Tribes Win Preliminary Injunction Preventing COVID-19 Funding From Being Diverted to Corporations
On April 27, 2020, a group of Indian tribes that includes Picuris Pueblo and the Navajo Nation (Rothstein Donatelli represents Picuris Pueblo and is co-counsel with the Navajo Nation Department of Justice for the Navajo Nation), won a preliminary injunction that prevents the Treasury Department from taking COVID-19 relief money designated for Indian tribes and diverting it to for-profit corporations.

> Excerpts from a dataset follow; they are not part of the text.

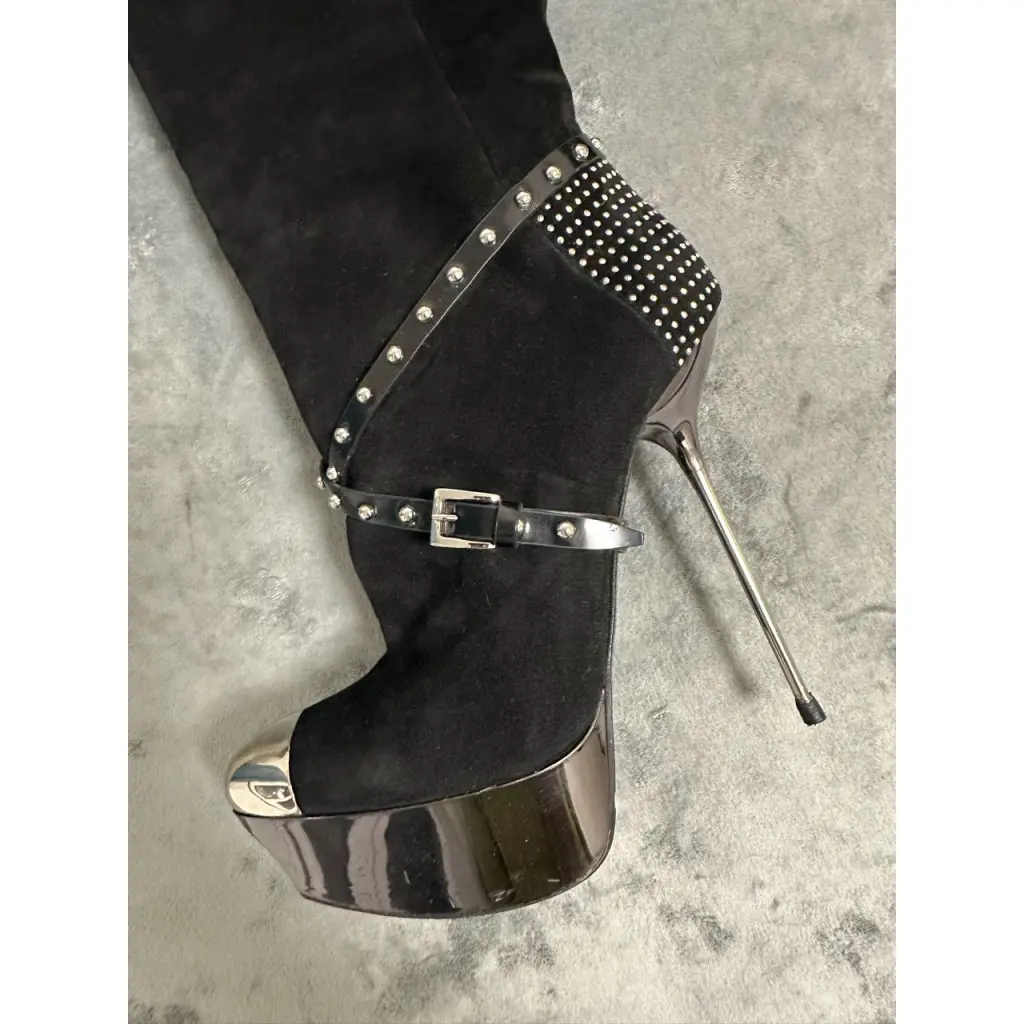 Очень классные, эффектные итальянские сапоги, выполнены из качественной замши. Имеются незначительные следы носки, царапки на подошве и каблуке в металличкой части, в цене учтено. В носке не заметно. Больше фото в комментариях.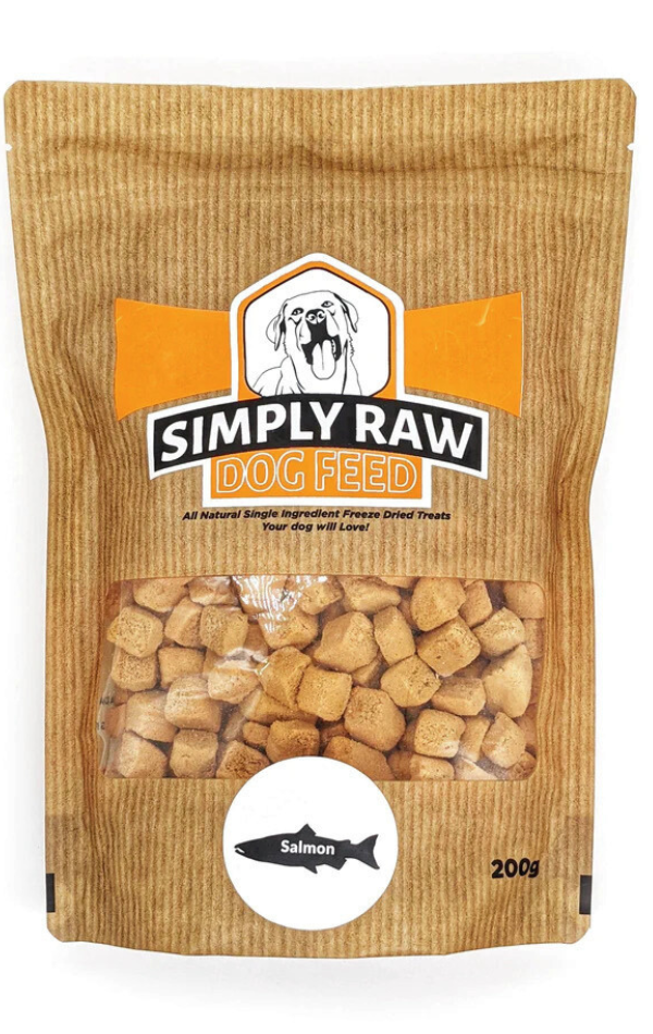 Each treat is freeze-dried for long lasting freshness, with bags weighing 200g. Pick up a bag with your next order of Simply Raw Dog Feed!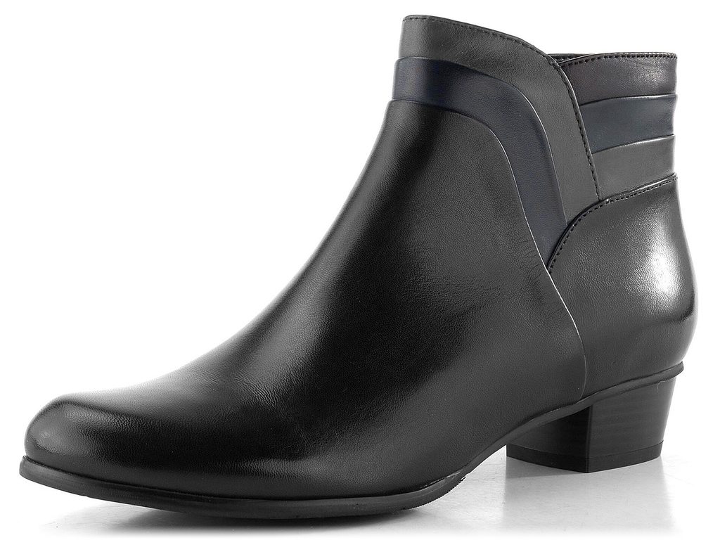 Dámská kotníčková obuv s módně překládanými, různobarevnými dílci z jemné hladké kůže, s postranním zipem a pohodlným nízkým podpatkem.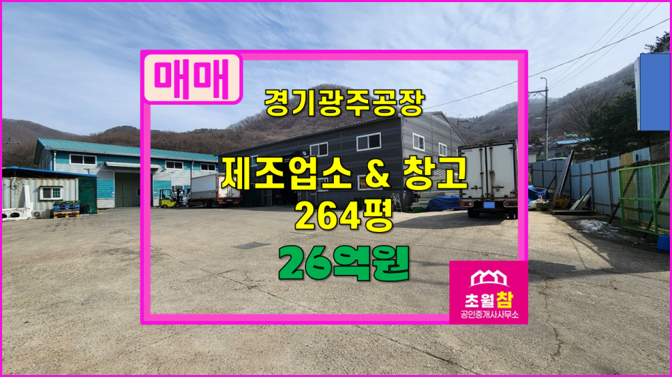 경기광주 초월읍 소재 식품공장 가능 제조업소 + 창고시설 총 264평 매매 물건을 초월 참 부동산에서 소개해 드립니다.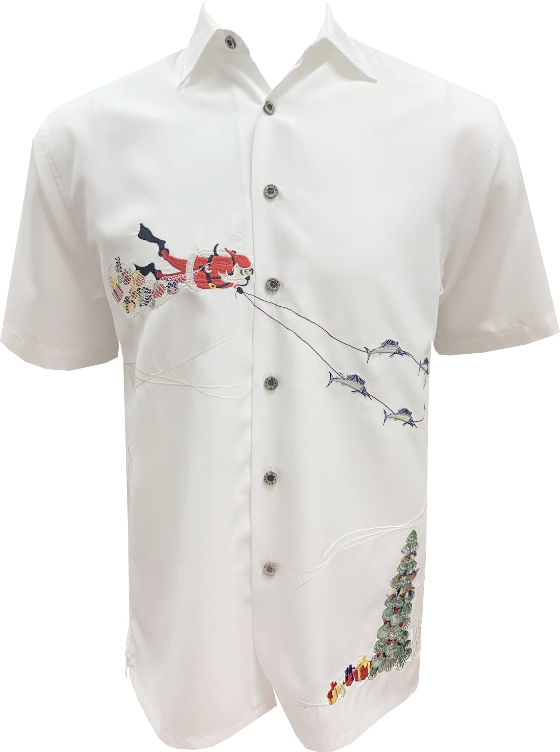Christmas vacation shirt with a unique design: Through our unique artwork, we tell the story of Scuba Santa who plunges into the deepest corners of the Bamboo Cay paradise island so he could surprise the Bamboo Cay fishes as well as other sea animals with gifts and spread the Christmas cheer.

Judge Amit P. Mehta ruled that when Congress set aside $8 billion for Indian tribes to respond to the Coronavirus, it did not intend for those funds to go to Alaska native corporations ("ANCs"), which are for-profit corporations. Judge Mehta prohibited the Treasury Department from distributing any portion of the $8 billion in relief funds to ANCs until final judgment in the case.
Since that ruling, a number of ANCs have intervened in the case, and the Court has set an expedited briefing schedule for summary judgment on the plaintiff tribes' claims. The Treasury Department has also distributed some of the relief funds to Indian tribes, but it has withheld certain amounts that it has designated for the ANCs.
The plaintiff tribes are continuing to fight to ensure that all of the relief funds are distributed to Indian tribes, as Congress intended.
The case is Confederated Tribes of the Chehalis Reservation, et al. v. Mnuchin, Case No. 20-cv-01002 (APM) (D.D.C.)